--- GIVEN DATA ---
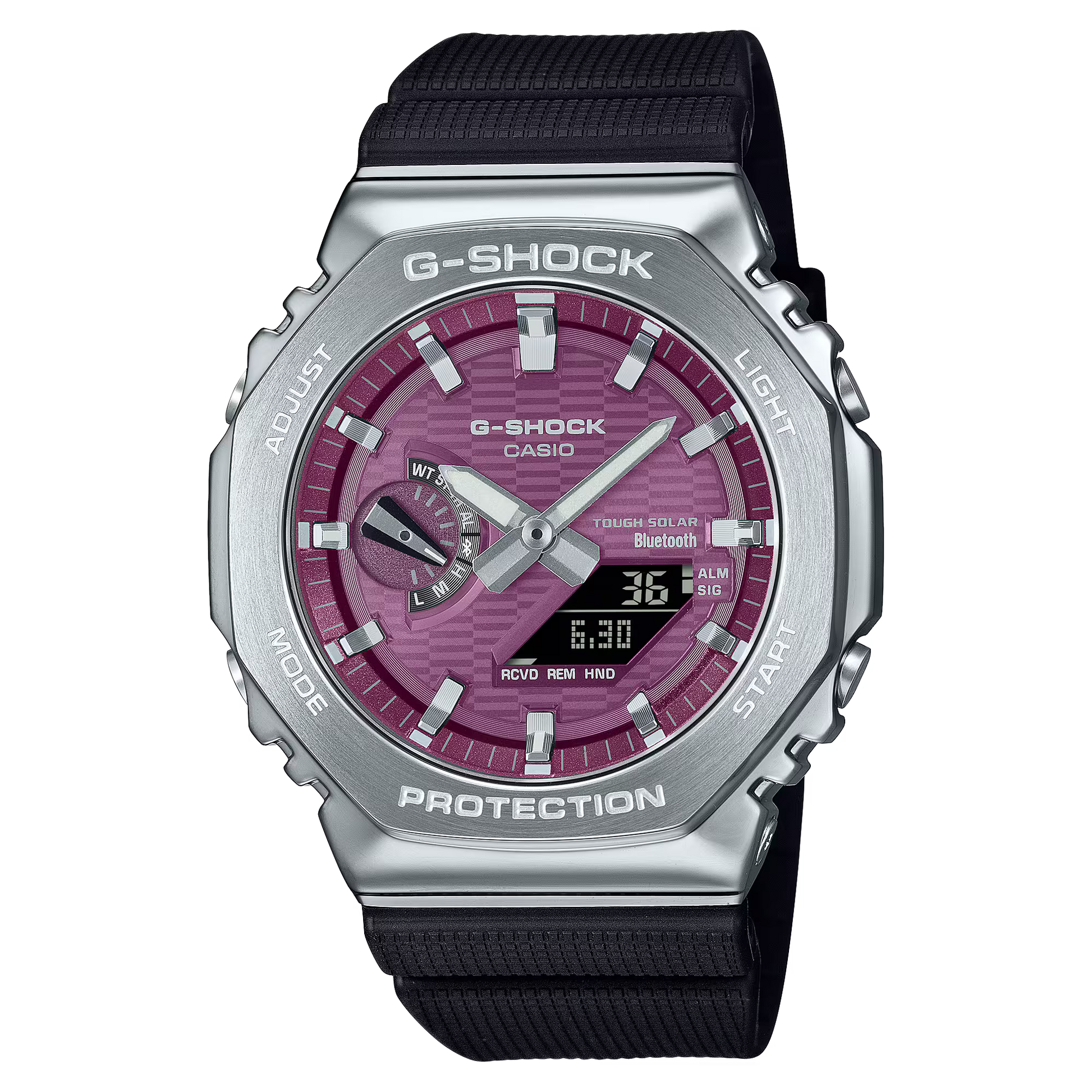 Näyttävällä metallikehällä varustettu Casio G-Shock GBM-2100 tarjoaa Smartphone Linkin ja Tough Solar -latausjärjestelmän, kaikki samassa kompaktissa paketissa. Kuoressa ja rannekkeessa käytetyt tärkeimmät hartsikomponentit on valmistettu ympäristöystävällisestä biopohjaisesta hartsista.
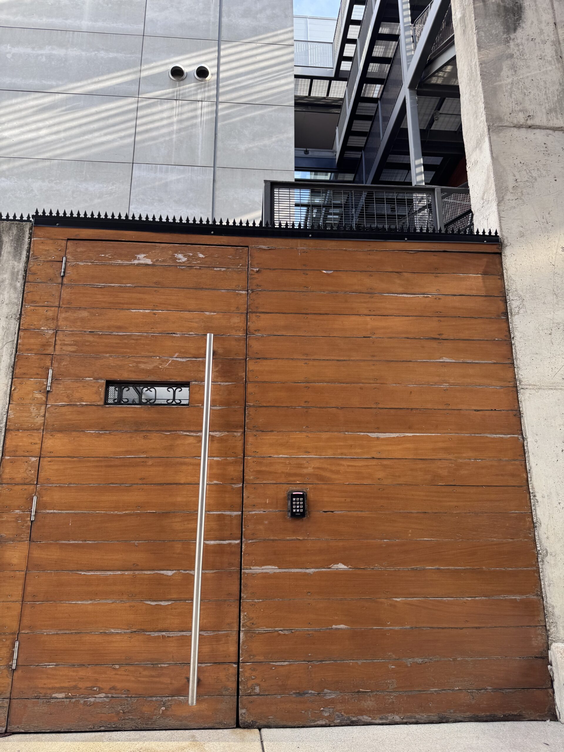 中心部から外れた静かなワシントンD.C.のモダンアパートのオーナーのK.K.様より外構の防犯についてご相談いただき、ご対応させていただきましたことをご紹介させていただきます。高さ3mの木製エントランスゲート、隣接するコンクリート部、そして階段を囲うスチール製スクリーンフェンス上部に、「Gothic Black Dual Blade」をご提案させていただきました。
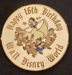 Snow White (Happy 16th Birthday) is a Limited Edition (LE) 1000 pin from the Company D - Walt Disney World 25th Anniversary Commemorative Framed Set pin series. It was originally released on , 1996 and was available from Theme Park Cast Member Exclusive .
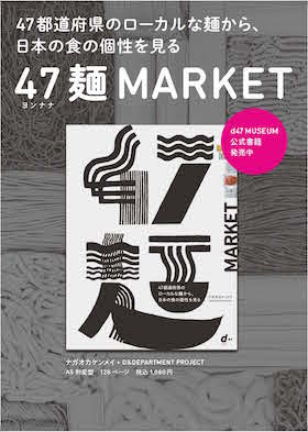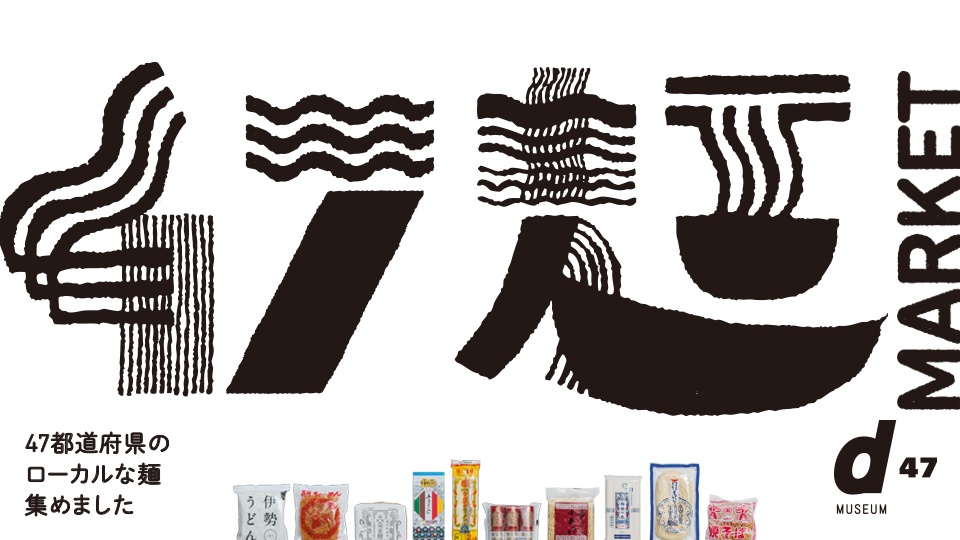 d47 MUSEUMでは「 旅」「物産」「地域問題」など、毎回様々なテーマで、47の日本の個性を47の常設展示台を使い紹介してきました。13回目の企画展となる今回は、「47 麺 MARKET」として、47都道府県のうどん、そば、ラーメン、パスタなどの「麺」を紹介します。その麺が誕生した背景や地元での食べ方の流儀など、それぞれの麺の個性を紹介しながら、実際に商品を買って楽しむことのできる、マーケット型の展覧会です。
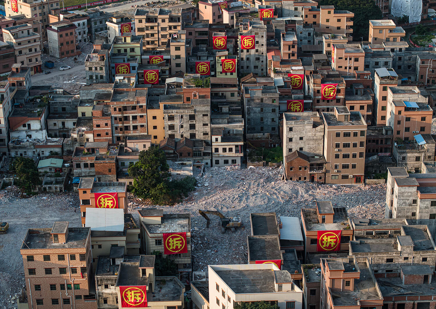 2024年5月16日,东莞洪梅镇,紧靠东莞西站的氹涌村正在进行城中村改造,现场机械正在作业,一些房屋已拆平,一些房屋已搬空,贴上大大的“拆”字。张由琼摄
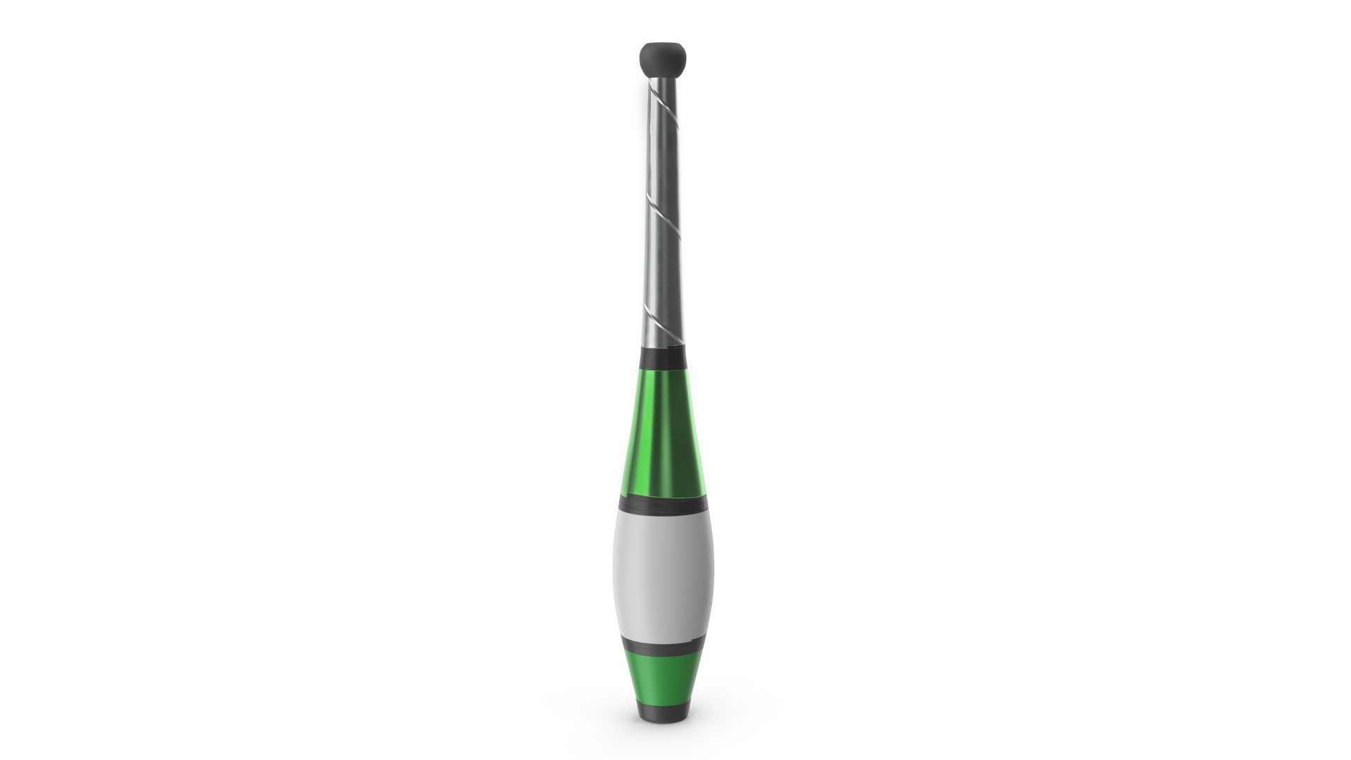 Henrys Juggling Club Green is a three-dimensional model of juggling club (pin or baton) that is a a prop used by jugglers.
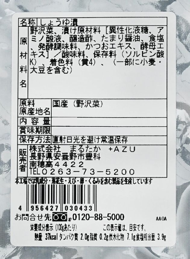 野沢菜、漬け原材料(異性化液糖、アミノ酸液、醸造酢、たまり醤油、食塩、発酵調味料、かつおエキス、酵母エキス)/酸味料、保存料(ソルビン酸K)、着色料(黄4)、(一部に小麦、大豆を含む)
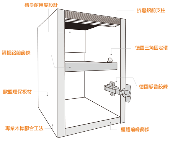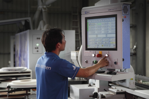 引進各式最新專業機器設備,獨家研發技術出自精密的製作流程,在關鍵的研發、生產、製造設計上能卓越不凡。擁有經驗豐富的專業師傅,結合細膩的木榫工法與自動化機器設備,讓廚具結構更紮實,延長廚具使用壽命;嚴格掌握物料、施工流程的專案經理人,則隨時提供客戶專業服務。
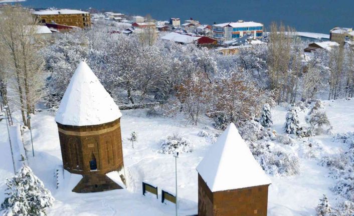 Bitlis’in Ahlat ilçesindeki tarihi kümbetler kar yağışı sonrası seyrine doyumsuz görüntüler oluşturdu.
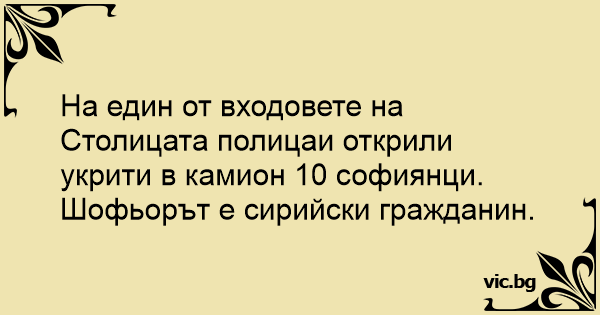 На един от входовете на Столицата полицаи открили укрити в камион 10 софиянци. Шофьорът е сирийски гражданин.
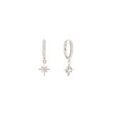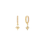 The Empowerment Huggie Earrings feature stunning pavé cubic zirconia set in white gold-plated and 18K gold-plated sterling silver. The 0.5" diameter huggie has a 0.31" by 0.35" hanging star pendant.
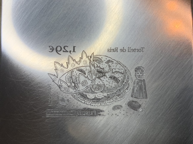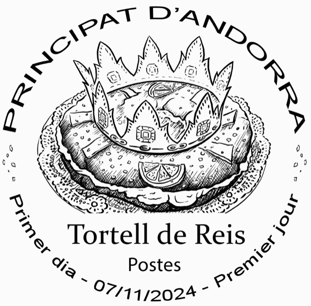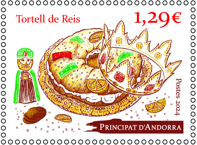 Dessiné et gravé par Line Filhon, le timbre a comme sujet la galette des rois espagnole, fourrée à la crème et avec des fruits confits. Il a été demandé à l’artiste de faire figurer les deux fèves, la fève de haricots et le roi mage, présents à gauche. Des rondelles de citron ont également été ajoutées.
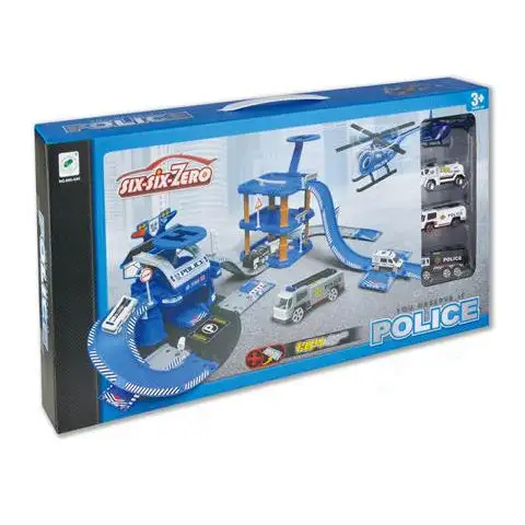 Život policie je pestrý a vzrušující, a nyní do něj může nahlédnout i vaše dítě s touto parkovací garáží, která nabízí spoustu zábavy. V sadě najdete třípatrovou parkovací garáž s přistávací plochou pro helikoptéru na střeše, k níž patří i helikoptéra. Na druhé straně parkovacího domu se nachází policejní stanice, která je velmi detailně zpracovaná, a na její střeše je také přistávací plocha pro helikoptéru. K sadě dále patří 3 policejní auta, se kterými může hra ihned začít.
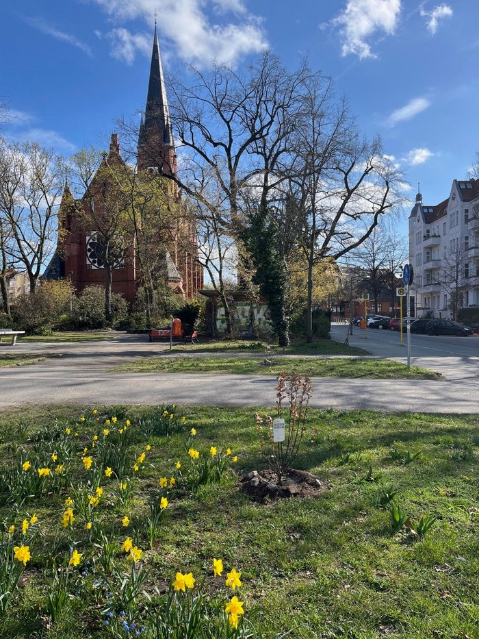... der Frühling mit einem gesäuberten Platz, rund um die Kirche von Süd bis Nord, Ost bis West.
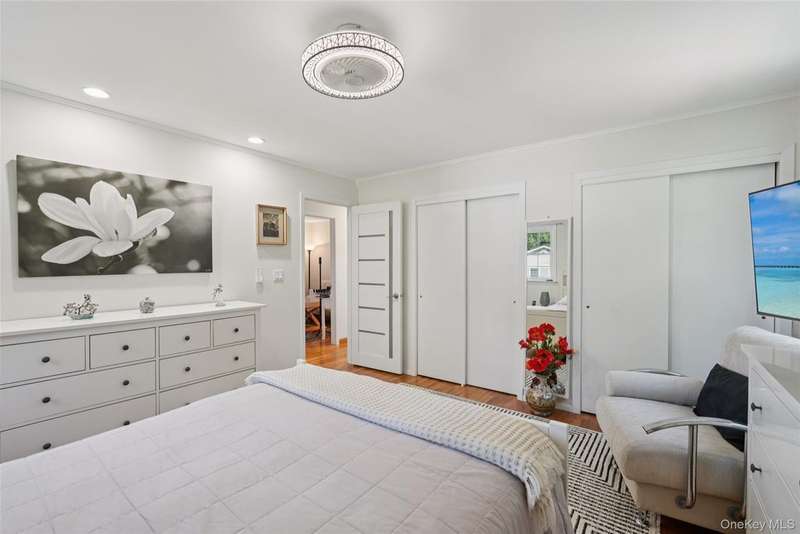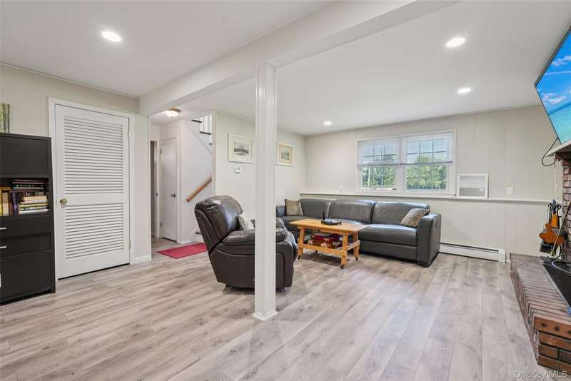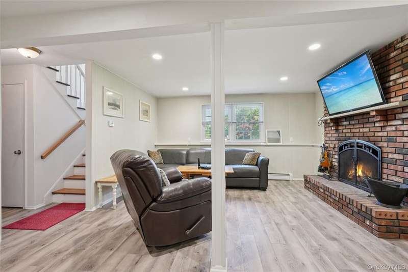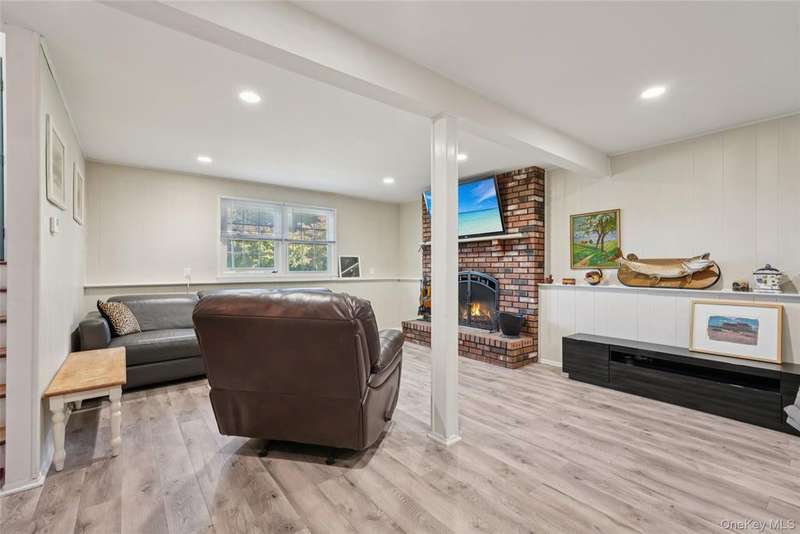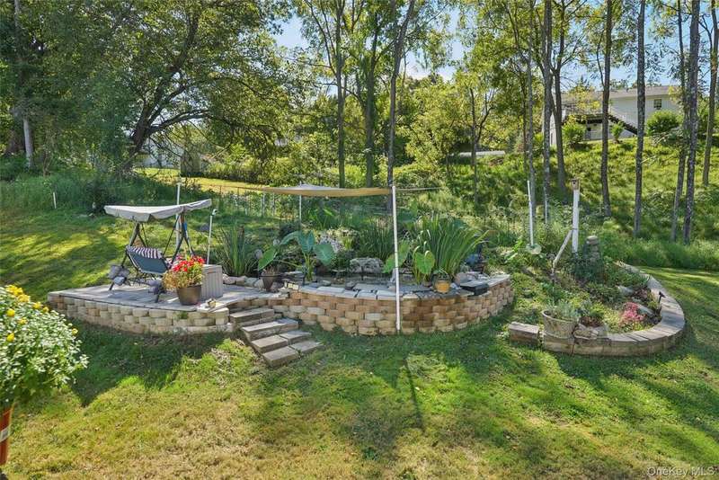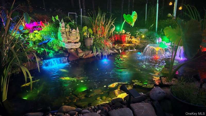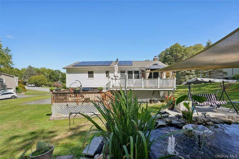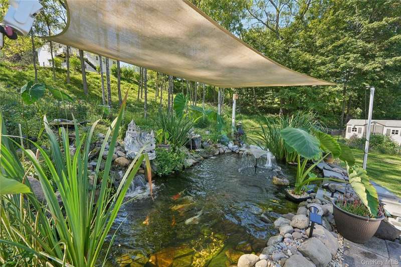 Welcome to 12 Sturr Lane in the heart of Florida, NY, a village within the town of Warwick. This spacious, bright, and airy raised ranch offers 4 bedrooms, 2 stylishly updated bathrooms, and a family room with a cozy brick wood-burning fireplace.One unique and special feature that is sure to mesmerize is the stunning, fully stocked Koi pond with a sparkling waterfall and dazzling night lights. The home offers the perfect layout with an updated, contemporary, yet warm style.The main level offers 3 bedrooms, a kitchen open to the dining area and living room, plus a renovated bathroom with a double vanity, bathtub, and state-of-the-art commode. The lower level features a large family room with a brick fireplace, an updated bathroom, one bedroom (presently utilized as a workshop) with new water-resistant vinyl flooring (see floorplan), a laundry room, a utility room, and access to the garage.The serene and chic interior has been painted in a neutral, cohesive palette, with new chandeliers and new contemporary interior doors. A new solar panel system was installed along with a battery backup that can provide power during power outages. The kitchen features gorgeous new tile flooring, a new LG refrigerator, light cabinetry, granite countertops, and LG appliances.The two-tiered decks offer plenty of space for entertaining, hobbies, and viewing the koi pond. The expansive yard features a vegetable garden and a new solar-powered shed.The location offers fiber optic internet available, municipal sewers, municipal waters and the Florida Union Free School District . Local amenities include downtown shops and restaurants, parks, farms, wineries, breweries, Legoland, Glenmere Lake and Greenwood Lake, golf, and hiking trails.
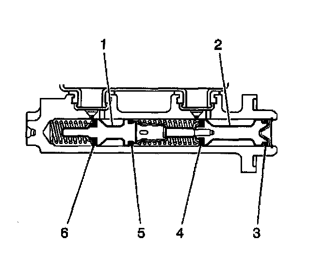 8. If the brake pedal apply did not feel spongy, and the brake pedal travel was initially steady and not excessive, but then gradually fell, then the master cylinder requires overhaul or replacement due to an internal leak past the secondary piston (1) from the secondary piston primary seal (6) or secondary seal (5).
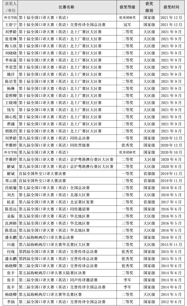 近年来,英语口译团队屡创佳绩,硕果累累。这些成绩极大地鼓舞了beat365学生的英语学习热情,是对英语系口译课程教学和团队训练的充分肯定,也是对beat365英语教学水平的高度认可。
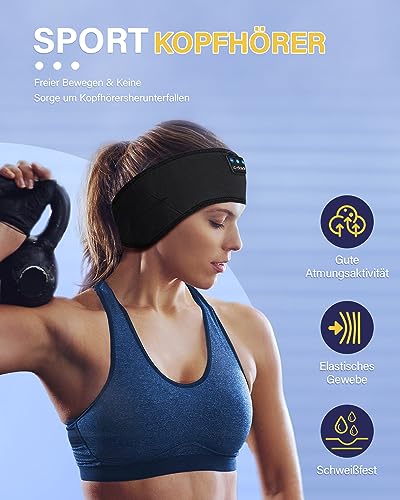 Cuffie per dormire super morbide e traspiranti: rispetto alle normali fasce sportive, le cuffie Bluetooth assorbono il sudore più velocemente e evaporano. Queste cuffie per dormire sono dotate di un microfono integrato, in modo da non perdere nessuna chiamata in arrivo. Si prega di notare che è necessario smontare il modulo Bluetooth prima di pulire la fascia Bluetooth per le cuffie.

--- EXERCISE INSTRUCTIONS ---
Nothing but the lines above from the one that has "野沢菜、漬け原材料(異性化液" down to the one that has "The Empowerment Huggie" belongs in the answer, copied exactly, without pictures.

--- EXPECTED ANSWER ---
 野沢菜、漬け原材料(異性化液糖、アミノ酸液、醸造酢、たまり醤油、食塩、発酵調味料、かつおエキス、酵母エキス)/酸味料、保存料(ソルビン酸K)、着色料(黄4)、(一部に小麦、大豆を含む)
 引進各式最新專業機器設備,獨家研發技術出自精密的製作流程,在關鍵的研發、生產、製造設計上能卓越不凡。擁有經驗豐富的專業師傅,結合細膩的木榫工法與自動化機器設備,讓廚具結構更紮實,延長廚具使用壽命;嚴格掌握物料、施工流程的專案經理人,則隨時提供客戶專業服務。
 Bitlis’in Ahlat ilçesindeki tarihi kümbetler kar yağışı sonrası seyrine doyumsuz görüntüler oluşturdu.
 На един от входовете на Столицата полицаи открили укрити в камион 10 софиянци. Шофьорът е сирийски гражданин.
 The Empowerment Huggie Earrings feature stunning pavé cubic zirconia set in white gold-plated and 18K gold-plated sterling silver. The 0.5" diameter huggie has a 0.31" by 0.35" hanging star pendant.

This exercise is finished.